MarchMom19 Fri 07-Feb-20 15:30:41

@OutsideDave I couldn’t have said it any better. The grandmothers here demanding a visit and suggesting bringing the law into it (LOL at that by the way) are going to be th grannies who get the least interaction with their grandchildren. Something is going on behind the scenes there, something we know nothing about. And clearly something they don’t wish to share with OP. The son doesn’t owe his mother any sort of detailed explanation about his family. In fact, I would give the son a high five for putting his wife and child’s needs first in this situation. Clearly DIL needs time. Son is providing that to her, as he should. A forced visit is going to get you resentment from DIL. I would know because this happened to me. It sounds like Dave and I had a somewhat similar postpartum MIL experience. My relationship with my MIL is forever changed because of her selfishness in those first days after birth. You don’t want that to be you

Madgran77 Fri 07-Feb-20 16:25:57

Yes, demand a visit! That will immediately endear you to your DIL, make your son proud of his mom, and guarantee lots of regular access to your grandchild ?

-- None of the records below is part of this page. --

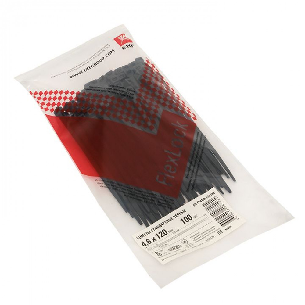 Хомут P6.6 стандартный (ч), 4.6x120 (100шт) FlexLock PROxima plc-fl-ctsb-4.6x120
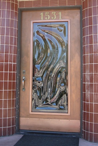 The Steynberg Gallery is a old architectural gem. It was originally the Farmer Brother’s Coffee Building, built in the 1930’s. A simple Art Deco design. Who knows what happened to the original front door, but it’s long gone. The building had a solid wood door when Peter Steynberg purchased the building so he had the center cut out and a piece of plain glass installed. I made Viento for Peter to compliment the Art Deco style of the building and to reawaken the entrance. It works. It rocks. And Peter loves it.
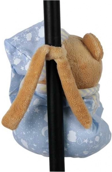 De beer heeft een blauw pyjama met sterren- en maanmotief dat een rustgevend gevoel geeft en is de ideale metgezel voor de kinderkamer.
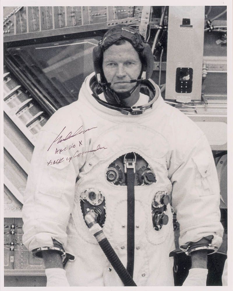 Satin-finish 8 x 10 photo of Cooper in his Apollo space suit, signed in black felt tip, “Gordon Cooper, Apollo X Back Up Commander.” In fine condition, with signature just a shade light. Any photo of Cooper in his Apollo space suit is quite uncommon.
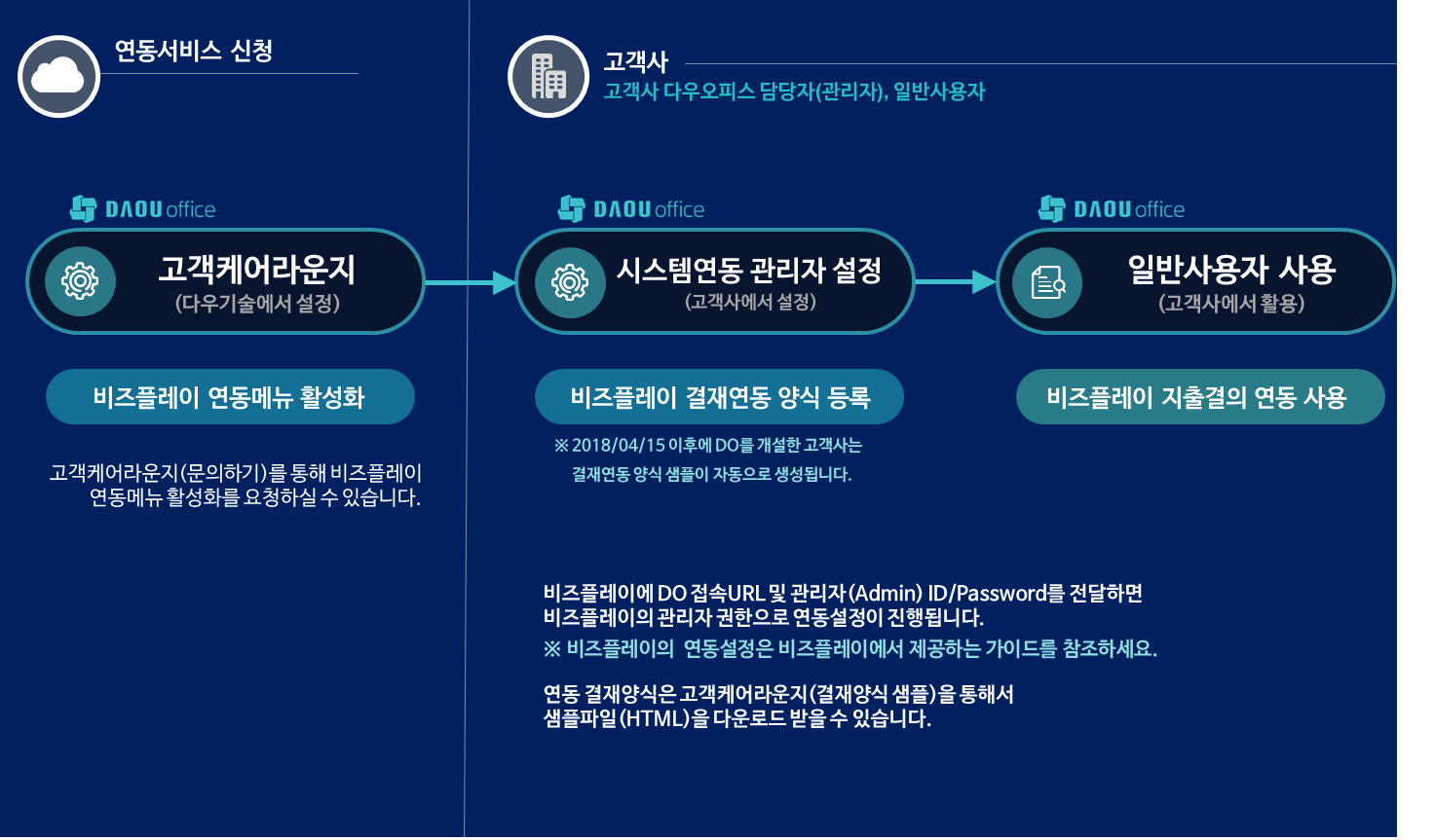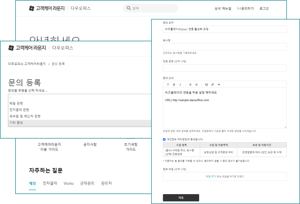 다우오피스와 비즈플레이 연동을 위해서는 먼저 고객케어라운지 문의등록을 통해 연동허용을 요청하여 활성화해야 합니다.

The OP did not ever suggest she was going to do that! Nothing she has said has suggested she was considering this!!

Other posters did, somewhat unwisely in my view and yours!!

H1954 Fri 07-Feb-20 16:35:06

Just an observation on my part, maybe if DIL stopped expressing ALL day, got out once in a while she would be a bit more relaxed?? I fail to see why she needs to express all day, baby isn't fed all day and providing there's enough for the next feed she will have some breathing space and a bit of time for herself. This might all have said before in this thread but I haven't read every response, so excuse me if I have repeated anyone else's comments.

This sounds very much to me like "first new baby syndrome" . Yes, it's difficult getting used to a new baby but family do want to meet the new arrival. Every eventuality is easily met with a little flexibility.

Loulelady Fri 07-Feb-20 16:57:40

Your poor DIL! She must be knackered and a bit dispirited by it all. I expressed for 11 months with my first as she has cerebral palsy and an unsafe swallow, it’s hard, particularly in the early days and she wasn’t second so I’d at least had experience of BF and expressing before.
I still think 3 weeks is along time and they really could see you but I think you are right to cut her slack. She is being unreasonable but there are massive extenuating circumstances.
You are doing the right thing by being patient. I just hope you don’t have to be for much longer!

Loulelady Fri 07-Feb-20 16:58:34

Sorry - “she WAS my second“ - bloody fat fingers.

Grammaretto Fri 07-Feb-20 17:01:59

My pal has just become a Gran for the first time. The baby is in Canada and they won't be able to meet until she is 6 months old at least.
My pal's a wee bit sad but is knitting furiously and seeing photos and videos.